KH Nur Machin CH, Ketua Umum HIMASAL, tak menyembunyikan kemurkaannya. “Kami menolak penghinaan terhadap ulama.
Tayangan itu telah melewati batas kesopanan dan adab,” serunya lantang, merefleksikan sentimen bahwa Trans7 telah melanggar sebuah kontrak sosial yang tak tertulis.
ULTİMÁTUM DARI PESANTREN
Bagi HIMASAL, memprotes saja tidak cukup. Mereka menempuh Jalur Ganda penuntutan.
Pertama, laporan resmi diserahkan kepada Komisi Penyiaran Indonesia Daerah (KPID) Jawa Tengah, mendesak sanksi tegas. Kedua—dan ini yang lebih krusial—Advokat LBH Ansor Jateng, Mohtar Hadi W, secara resmi menyerahkan laporan pidana ke Polda Jawa Tengah. “Kami melaporkan ini sebagai bentuk langkah hukum atas pelecehan yang dialami oleh ulama dan pesantren,” tegas Mohtar.
Tuntutan para santri adalah hukuman maksimum: KPID didesak untuk menjatuhkan sanksi seberat-beratnya, bahkan sampai pada rekomendasi pencabutan izin siaran Trans7, jika terbukti melanggar Pedoman Perilaku Penyiaran dan Standar Program Siaran (P3SPS). Ini adalah tuntutan yang belum pernah terjadi sebelumnya, sebuah desakan radikal yang menantang otoritas penyiaran nasional.
Menanggapi tekanan publik ini, Ketua KPID Jateng, Muhammad Aulia Assyahiddin, hanya bisa menjanjikan mekanisme prosedural. “Aspirasi masyarakat, terutama dari komunitas pesantren, merupakan kontrol sosial penting bagi dunia penyiaran,” ujarnya, mengisyaratkan bahwa rekomendasi akan segera diteruskan ke KPI pusat.
ETIKA DI UJUNG TANDUK
Tentu saja, Trans7 tidak tinggal diam. Menyambut badai kritik, permohonan maaf telah diluncurkan.
“Berkaitan dengan isi berita salah satu program di TRANS7… kami ingin menyampaikan permintaan maaf sebesar-besarnya kepada pimpinan Pondok Pesantren Lirboyo. Juga para pengasuh, para santri dan alumni,” kata Andi dari pihak Trans7 pada Selasa (14/10/2025), sehari sebelum aksi.

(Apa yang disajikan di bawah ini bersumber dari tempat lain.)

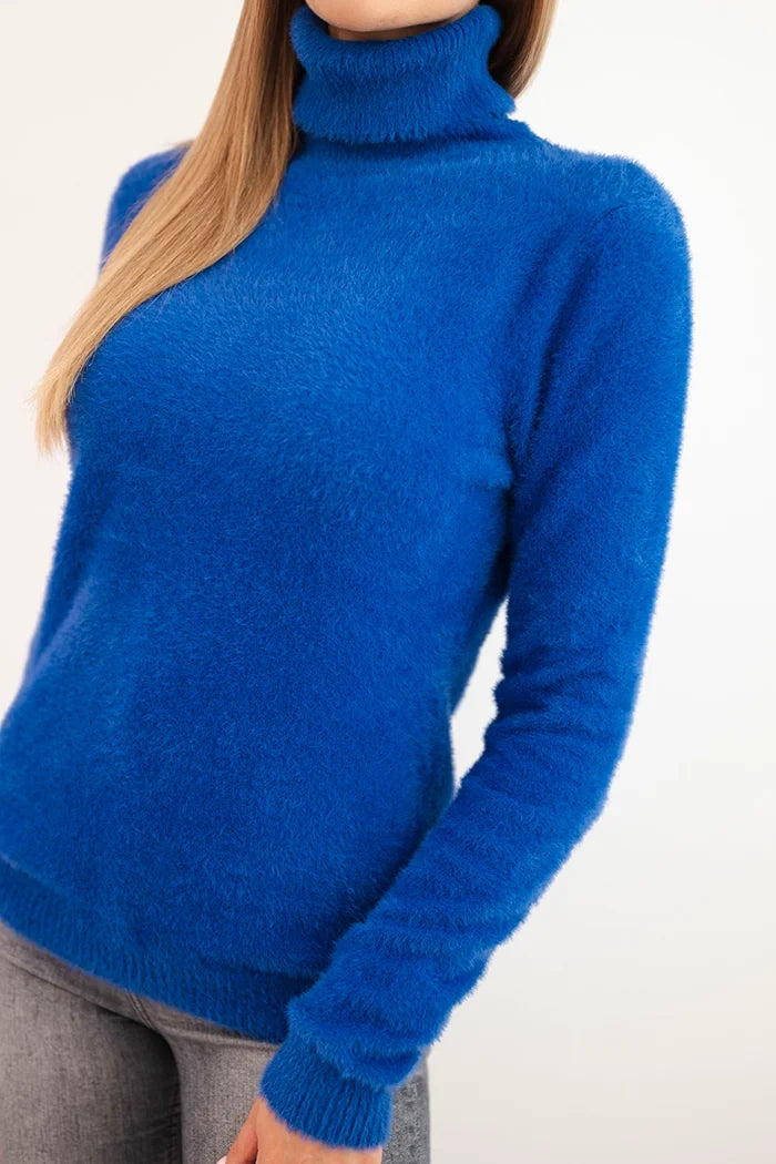 Sveter dámsky z alpaky s golierom chabrový univerzálne

Namun, di era digital, kata maaf sering kali tidak cukup untuk memadamkan api yang sudah terlanjur membesar. Protes ini bukan lagi sekadar kasus pelecehan; ia adalah referendum atas etika media dan praktik jurnalistik di Indonesia.

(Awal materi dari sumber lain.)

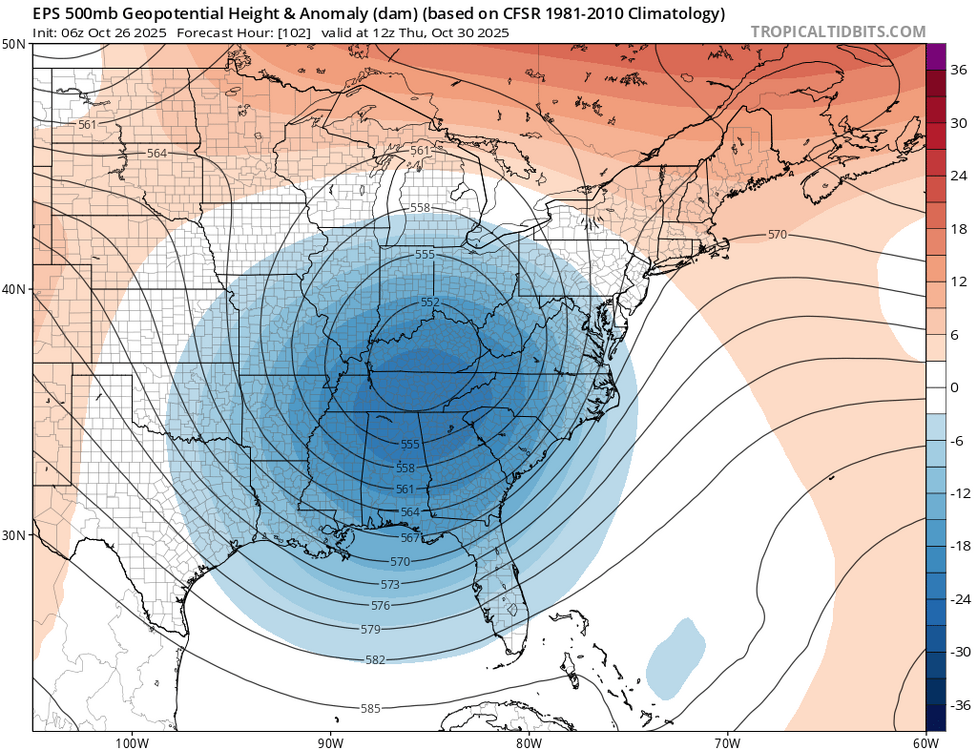 The 6z EPS definitely has a look that midcoast to downeast Maine need to watch for more than subtle/indirect impacts from Melissa. -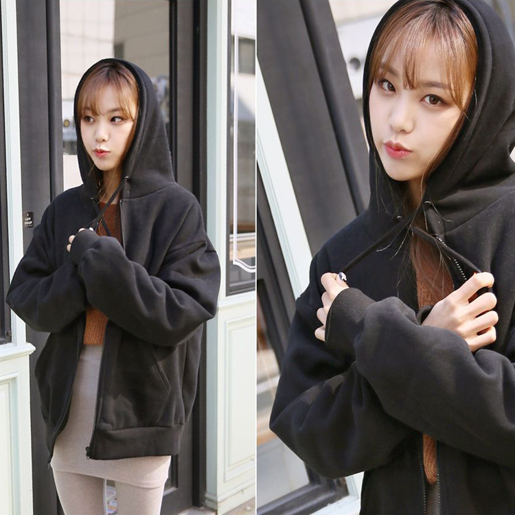 2025秋冬加绒拉链卫衣女开衫韩版学生连帽宽松女外套大码休闲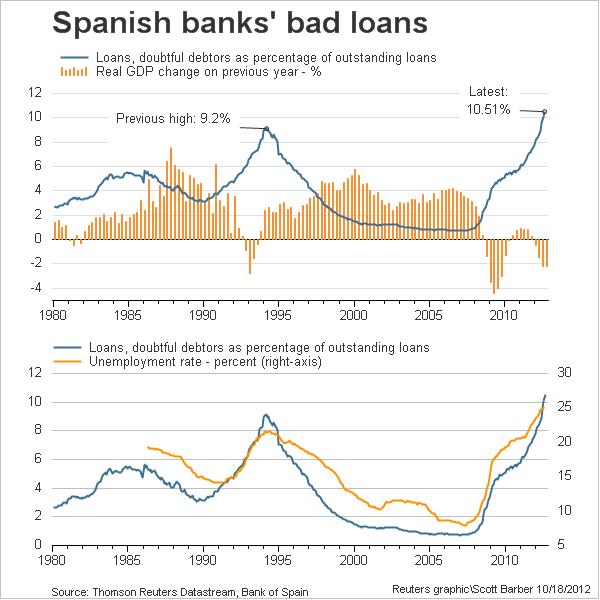 Spain is setting up a bad bank to siphon property assets off lenders’ balance sheets and banks are preparing to receive the first funds from a 100-billion-euro credit line agreed with the European Union. But the record loan data raises the question of whether consumer loans should also be transferred to the bad bank and if Spain will take too little of the European cash. The government estimates it only needs 40 billion euros.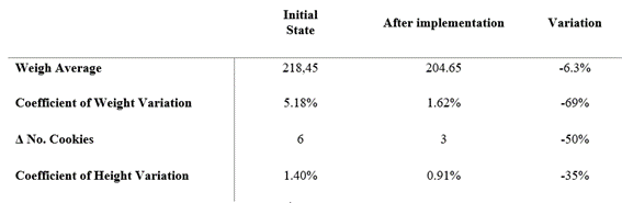 To eliminate the critical causes, an action plan was drawn up in parallel to implement the identified improvements. These included changes in the weighing process, standardization of the dough excess percentage range*, revision of the quantity of ammonium bicarbonate, adjustments to the kneading and dough resting times, standardization of the equipment parameters, and improvements to the quality control method.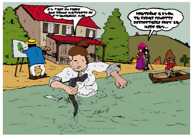 Chez La Mère Guy tous les peintres de l'école Lyonnaise, et les artistes de passage, fréquentent cette institution. On y mange, on y danse et l'on fait du canotage. Le bal musette est une des signatures à l'origine de cet établissement à la grande renommée. On vient y prendre le frais l'été les dimanches en famille. La bourgeoisie y vient également en semaine en galante compagnie. Les maîtresses et courtisanes ont pignon sur rue. Un petit coin tranquille à l'écart de la grande ville de Lyon reste propice aux amourettes et aux romantiques.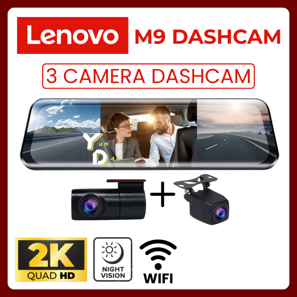 Dashcam Mobil Lenovo M9 3 Kamera Car Camera Original DVR Dual Full-HD Full Screen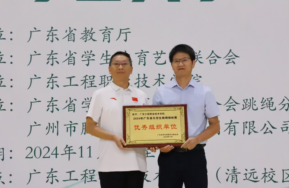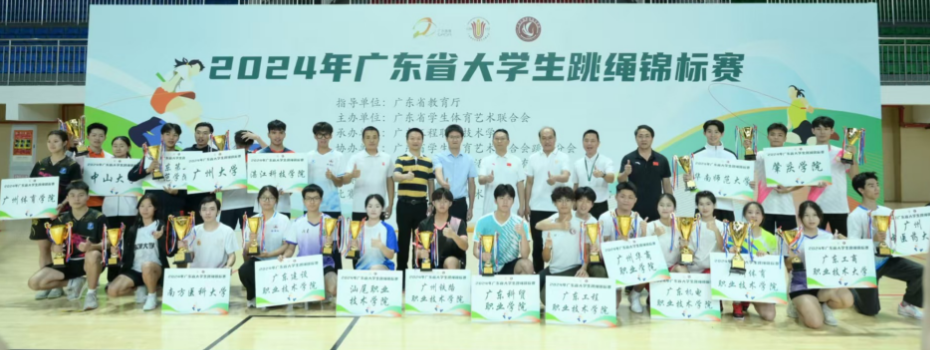 在學(xué)校領(lǐng)導(dǎo)的關(guān)心指導(dǎo)下,在黨政辦公室、繼續(xù)教育學(xué)院、團(tuán)委、總務(wù)后勤部、現(xiàn)代教育技術(shù)中心、機(jī)電(電梯)工程學(xué)院等部門的大力支持下,由廣東省學(xué)生體育藝術(shù)聯(lián)合會主辦的2024年廣東省大學(xué)生跳繩錦標(biāo)賽于11月8日至10日在我校清遠(yuǎn)校區(qū)體育館順利進(jìn)行,廣東省教育廳體衛(wèi)藝處二級調(diào)研員董業(yè)權(quán)蒞臨指導(dǎo)工作,我校吳志敏副校長在開幕式上致歡迎辭并參加頒獎儀式。

Setelah membacakan lima poin pernyataan sikap dan ditutup dengan doa bersama, para demonstran santri bubar dengan tertib. Aksi mereka, yang minim insiden namun kaya makna, menduduki puncak perbincangan di media sosial.
Kini, nasib Trans7 berada di persimpangan. Apakah KPI akan berani menggunakan palu terberat, ataukah “kontrol sosial” dari pesantren hanya akan berakhir sebagai teguran ringan? Jawabannya akan menentukan standar baru tentang batas-batas kritik media dan martabat sakral sebuah institusi agama di Republik ini.